Maroc

Célébration à Errachidia du 92ème anniversaire des batailles de Jbel Baddou

La famille de la résistance et de l’Armée de libération a célébré, samedi à Errachidia, le 92ème anniversaire des batailles de Jbel Baddou en 1933. M. El Ktiri a rappelé que les combats se sont poursuivis avec acharnement, même après que les vivres des Moudjahidines se soient épuisés.


La famille de la résistance et de l’Armée de libération a célébré, samedi à Errachidia, le 92ème anniversaire des batailles de Jbel Baddou en 1933. Cet événement est considéré comme une épopée glorieuse de l’histoire du Royaume, inscrite à jamais dans les annales de la lutte nationale pour la liberté et l’indépendance.

Lors d’un meeting organisé à cette occasion, le Haut-commissaire aux anciens résistants et anciens membres de l’Armée de libération, Mustapha El Ktiri, a déclaré que ces batailles symbolisent une étape importante de l’histoire de la lutte nationale pour l’indépendance, chargée de gloires et portant des valeurs et principes religieux, patriotiques, éthiques et universels.

M. El Ktiri a rappelé que dès le début du 20ème siècle, les tribus et habitants de Tafilalet avaient montré une résistance courageuse face à l’occupant, en particulier en 1908, lorsque les forces coloniales ont établi leur premier camp à Boudnib, jouant le rôle de base pour leurs offensives.

Il a également souligné que cette région a été le théâtre de plusieurs batailles, dont celles de Boudnib (1908), d’Ifri (1914), de Meski et Lamaadid (1916), d’El batha (1918), ainsi que d’autres batailles autour de Goulmima et Tadighoust, survenues au début des années 1930.

Face à des difficultés à étendre leur domination, les autorités coloniales ont lancé en août 1933 une vaste offensive accompagnée de violents affrontements.

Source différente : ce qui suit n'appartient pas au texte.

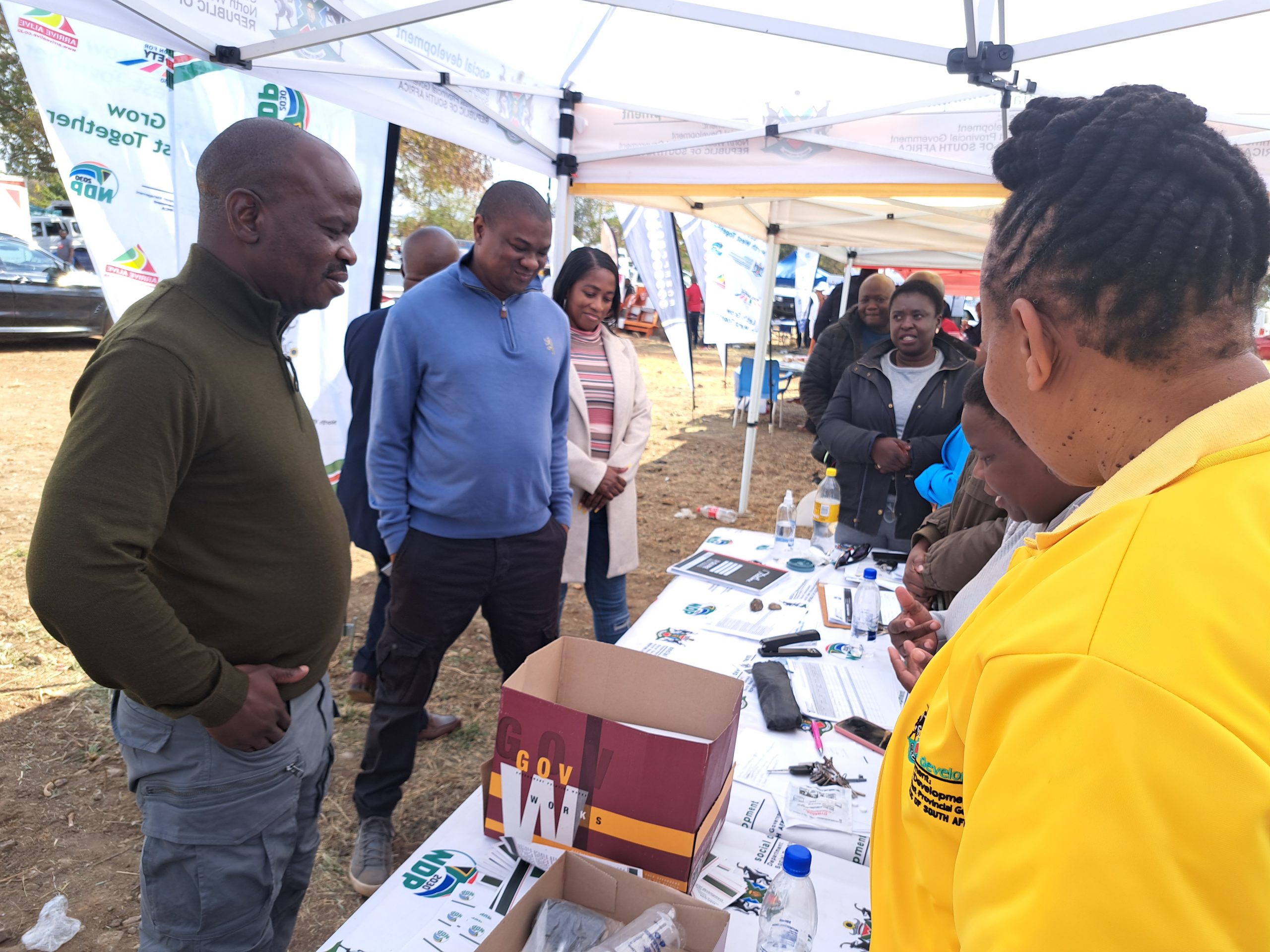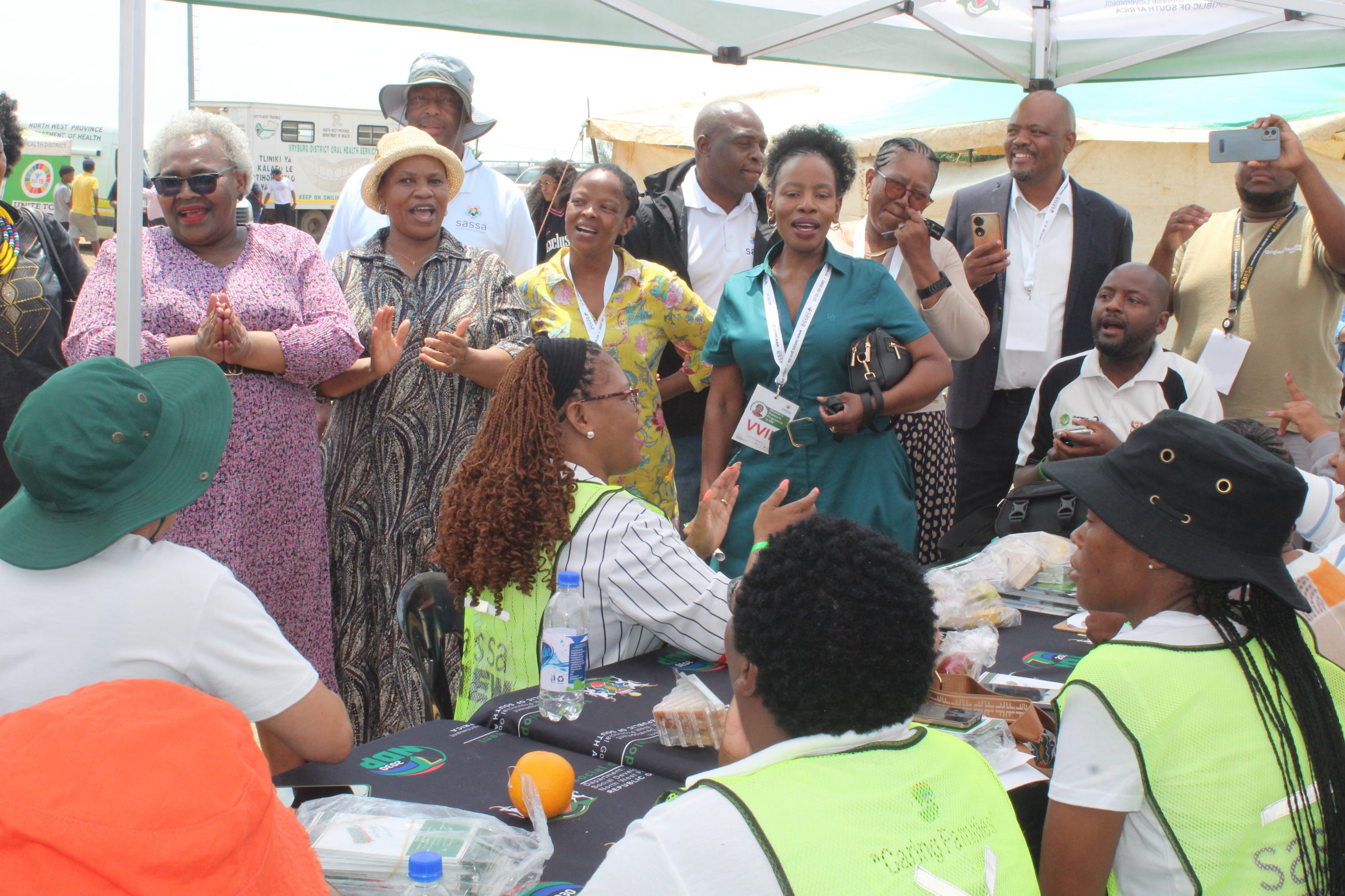 Minister Tolashe and her entourage interacts with social workers as part of exhibition stalls walkabout during the ministerial outreach programme in Huhudi near Vryburg.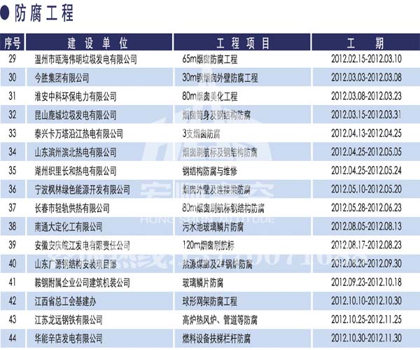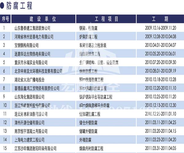 - 宏順建設(shè)核心技術(shù) 宏順建設(shè)專業(yè)防腐各種水塔防腐,儲(chǔ)油罐防腐,管道防腐,吊機(jī)防腐,龍門吊防腐,水泥筒倉(cāng)防腐工程,有多年的成功經(jīng)驗(yàn),施工業(yè)績(jī)遍布全國(guó)各地... 了解詳情

Les résistants, issus de diverses tribus, ont fait preuve d’un patriotisme élevé et d’une bravoure remarquable, réussissant ainsi à perturber les rangs de l’armée française, bien supérieure en nombre et en artillerie.

À partir de fin juillet 1933, des forces militaires coloniales ont été chargées d’avancer vers Aghbalou N’Kerdous et, début août, ont lancé des opérations pour assiéger la région orientale du Haut-Atlas. Des affrontements violents ont donc éclaté à Jbel Baddou entre les troupes coloniales et les valeureux combattants marocains, dirigés par des héros expérimentés.

Les combattants, animés par leur détermination et leur patriotisme, ont su s’organiser pour résister aux forces coloniales qui encerclaient cette région, se refugiant à Jbel Baddou malgré des conditions climatiques difficiles.

Confrontées à cette résistance organisée, les autorités françaises ont tenté d’entamer des négociations avec les résistants, mais ces efforts sont restés vains. Après l’échec de ces tentatives, les forces d’occupation ont lancé une attaque contre les combattants, qui a été repoussée avec vigueur par les résistants, selon M. El Ktiri.

Les affrontements ont continué avec acharnement, même lorsque les ressources des Moudjahidines ont épuisé suite au siège imposé à la région. Pourtant, l’esprit de résistance coloniale n’a jamais disparu, et les habitants de la province d’Errachidia se sont engagés aux côtés du mouvement national et de l’action armée dans le cadre de la résistance armée et de l’Armée de libération.

Il a également mis en lumière le rôle crucial des femmes de Tafilalet durant la lutte pour l’indépendance, notamment par leur soutien aux combattants, en soignant les blessés et en apportant un soutien logistique et moral.

M. El Ktiri a souligné que la célébration de l’épopée des batailles de Jbel Baddou est une occasion de mettre en avant les victoires diplomatiques du Royaume, sous la direction de Sa Majesté le Roi Mohammed VI, en rappelant l’adoption de la résolution 2797 du Conseil de sécurité de l’ONU, qui consacre la souveraineté du Maroc sur ses provinces du Sud.

Il a rappelé le Discours de Sa Majesté le Roi Mohammed VI, adressé à Son peuple le 31 octobre dernier, dans lequel le Souverain avait déclaré : « Par la grâce du Seigneur et avec Son aide, après cinquante ans de sacrifices, nous ouvrons un nouveau chapitre victorieux dans le processus de consécration de la Marocanité du Sahara, destiné à clore définitivement le dossier de ce conflit artificiel, par une solution consensuelle fondée sur l’Initiative d’Autonomie. »

La cérémonie a également été marquée par des hommages rendus à des anciens résistants et membres de l’Armée de libération, ainsi que par des aides financières accordées à des veuves et des ayants droit issus de la famille de la résistance et de l’Armée de libération.